À Bouknadel, la colère monte d’un cran. Plus de 400 familles ont signé une pétition pour dénoncer le lancement jugé précipité et opaque des travaux d’une station de dessalement d’eau de mer, à quelques encablures de leur quartier résidentiel. Située dans la province de Salé, la zone visée abrite notamment le complexe Prestigia, connu pour sa tranquillité et sa qualité de vie, aujourd’hui menacées par ce projet d’envergure.
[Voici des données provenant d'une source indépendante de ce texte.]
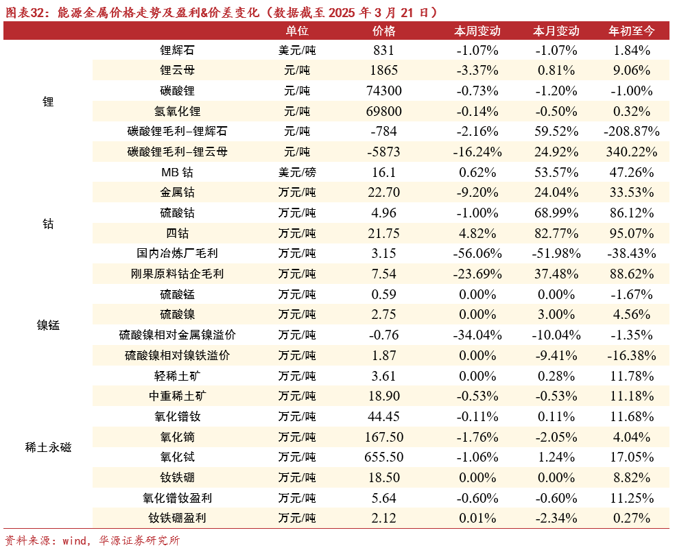➢锂:库存持续累积,过剩格局延续,锂价震荡下行。本周碳酸锂价格下跌0.73%至7.43万元/吨。供给端,碳酸锂过剩格局延续,库存持续累积。本周碳酸锂产量1.79万吨,环比降低2.5%。SMM周度库存12.64万吨,环比增长2.2%。需求端,下游接货意愿薄弱,刚需采购为主。当前需求端的增长难以覆盖供给端的超预期释放,锂价目前或处于二次探底过程中。展望全年看,供给端,伴随锂价下行,高成本锂供给持续出清,供应增速边际走弱;需求端,以旧换新政策下,电车需求或超预期,碳酸锂全年过剩幅度有望收窄,预计锂价维持7-8万元/吨震荡为主。我们建议关注具备第二增长曲线的低估值标的和仍具备锂自给率提升和降本空间标的:雅化集团(锂+民爆)、中矿资源(锂+小金属+铜)、永兴材料、赣锋锂业。

Un chantier lancé sans concertation
C’est la manière, plus encore que le fond, qui suscite l’indignation. Selon les résidents, les travaux ont débuté sans qu’aucune concertation ne soit engagée ni aucune information officielle diffusée. Pas d’étude d’impact environnemental rendue publique, pas d’audition des riverains, pas même un panneau de chantier affichant clairement les caractéristiques de l’opération. Pour les habitants, ce manque de transparence est perçu comme une forme de mépris institutionnel.
Dans la pétition adressée au gouverneur de la province, les signataires réclament soit la suspension immédiate des travaux, soit l’ouverture d’un dialogue sérieux avec l’ensemble des parties concernées, y compris les représentants du quartier, les autorités locales et les porteurs du projet.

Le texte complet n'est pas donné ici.